# INFORMATION PROVIDED
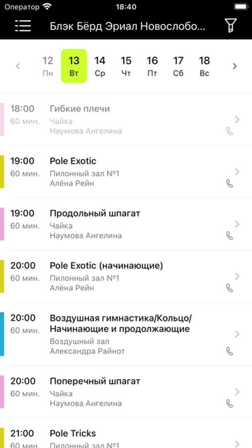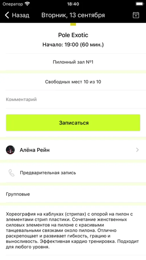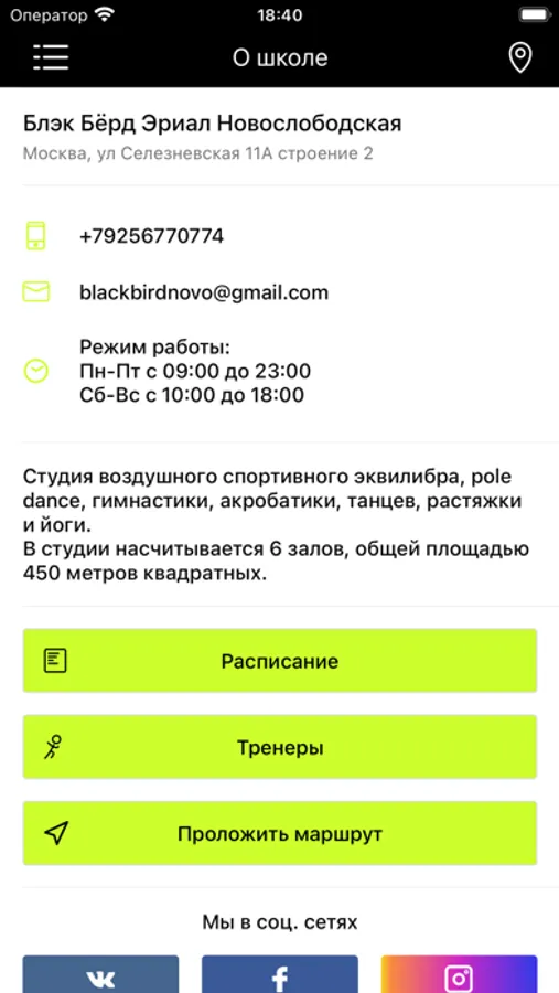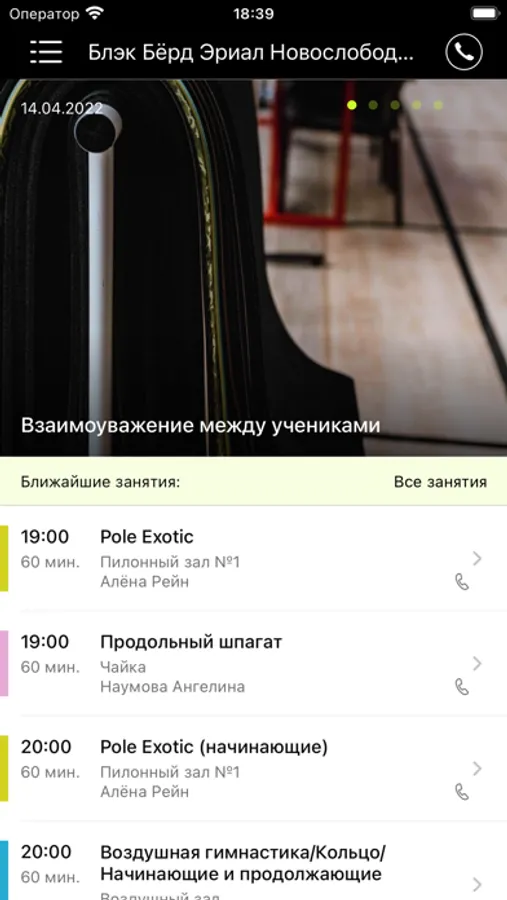 In the application you will find the current schedule, news, you can sign up for classes, pay for training and subscriptions, ask a question and get feedback.
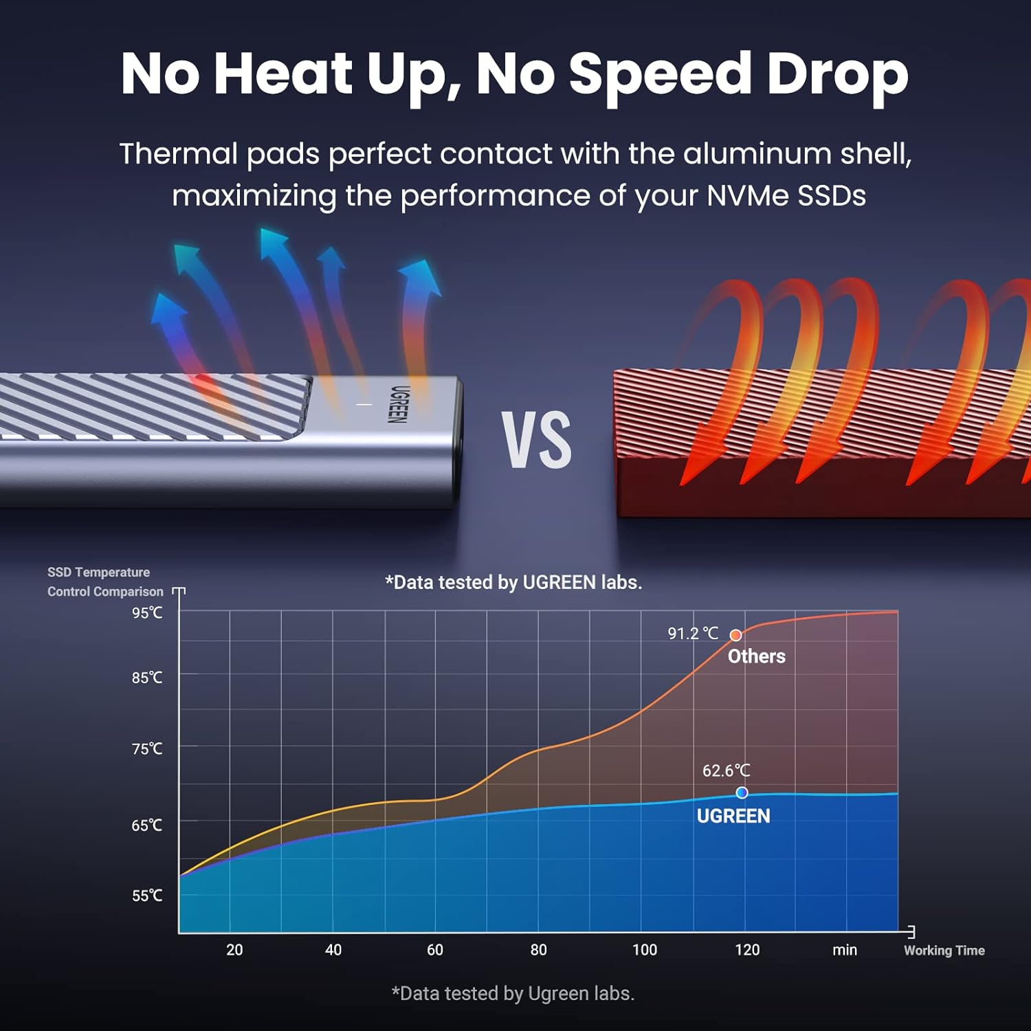 - Tấm tản nhiệt đi kèm vừa vặn hoàn hảo với vỏ nhôm, cho phép bộ chuyển đổi M.2 NVMe này đạt được khả năng tản nhiệt hiệu quả khi đọc và ghi tệp ở tốc độ cao, bảo vệ dữ liệu khỏi các mối nguy hiểm ở nhiệt độ cao.
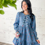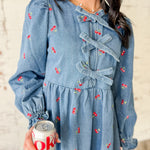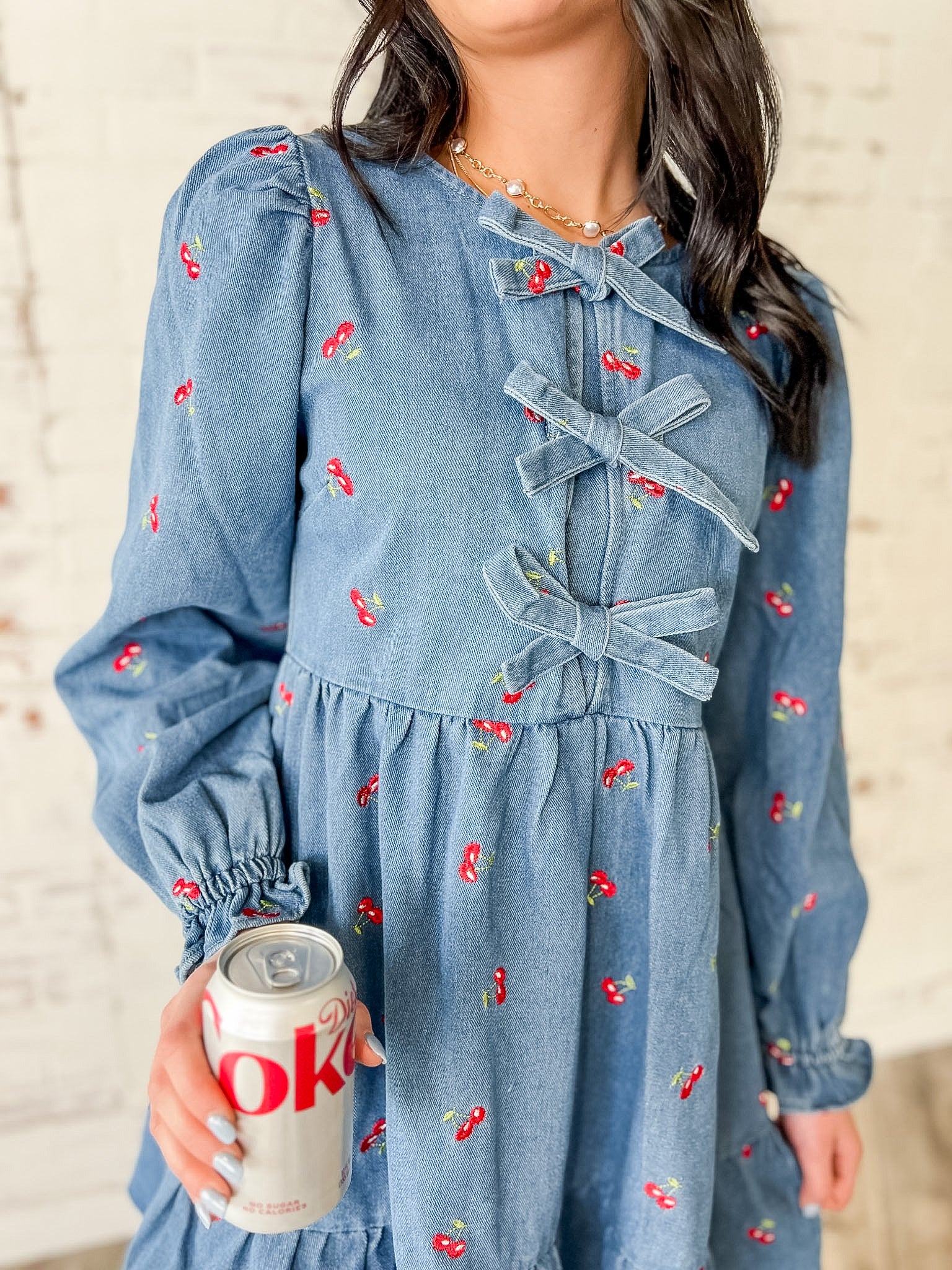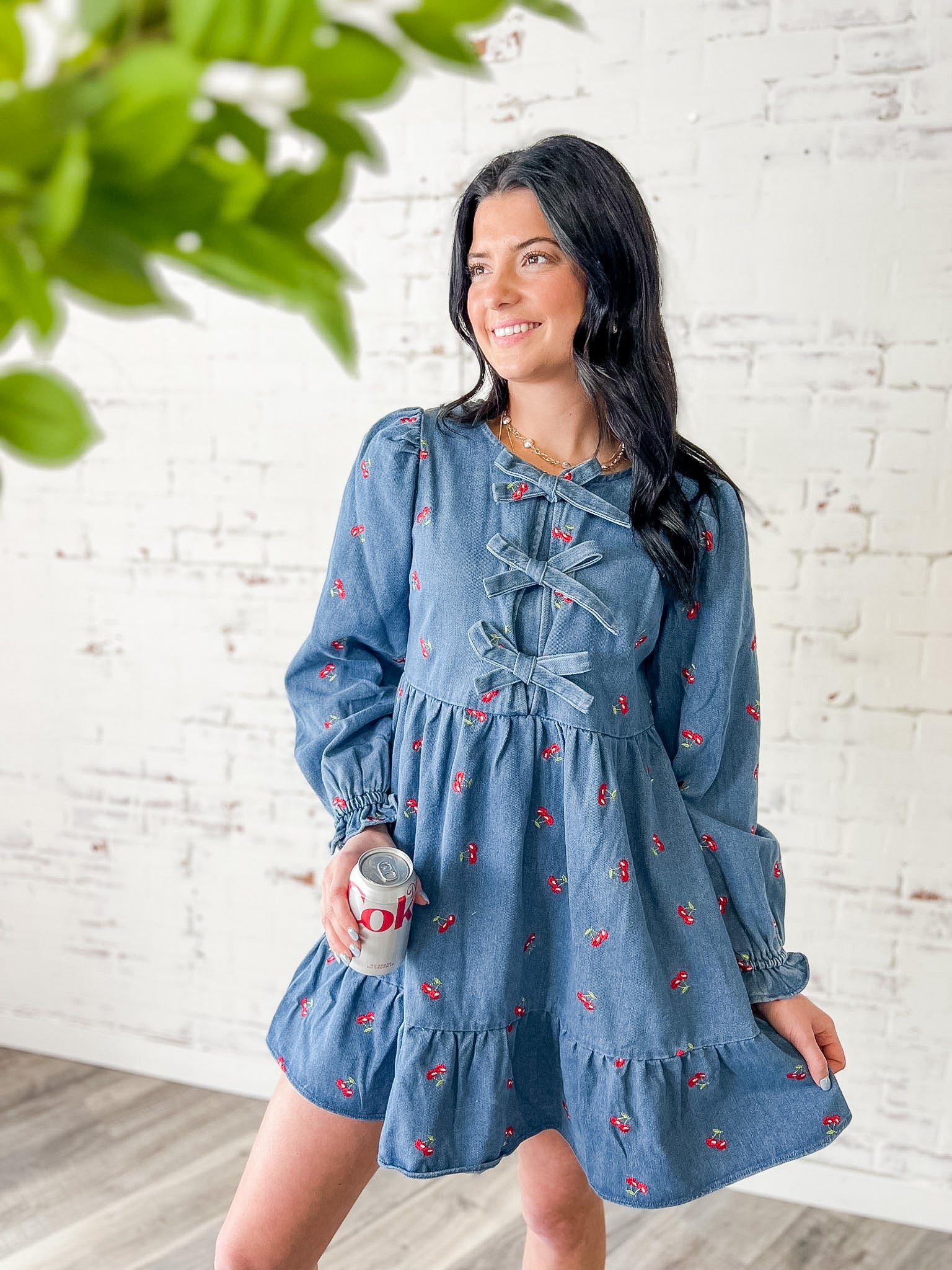 This dress is pure fun with the sweetest vintage-inspired charm. The soft denim fabric is scattered with tiny embroidered cherries that instantly give it personality, while the three bow ties down the front add the cutest feminine detail. The relaxed babydoll fit and tiered skirt make it easy to wear and comfortable while still feeling styled and playful.

# WHAT IS BEING ASKED
For this exercise, restate the material exactly and skip every picture.

# RESULT OF THIS EXERCISE
 In the application you will find the current schedule, news, you can sign up for classes, pay for training and subscriptions, ask a question and get feedback.
 - Tấm tản nhiệt đi kèm vừa vặn hoàn hảo với vỏ nhôm, cho phép bộ chuyển đổi M.2 NVMe này đạt được khả năng tản nhiệt hiệu quả khi đọc và ghi tệp ở tốc độ cao, bảo vệ dữ liệu khỏi các mối nguy hiểm ở nhiệt độ cao.
 This dress is pure fun with the sweetest vintage-inspired charm. The soft denim fabric is scattered with tiny embroidered cherries that instantly give it personality, while the three bow ties down the front add the cutest feminine detail. The relaxed babydoll fit and tiered skirt make it easy to wear and comfortable while still feeling styled and playful.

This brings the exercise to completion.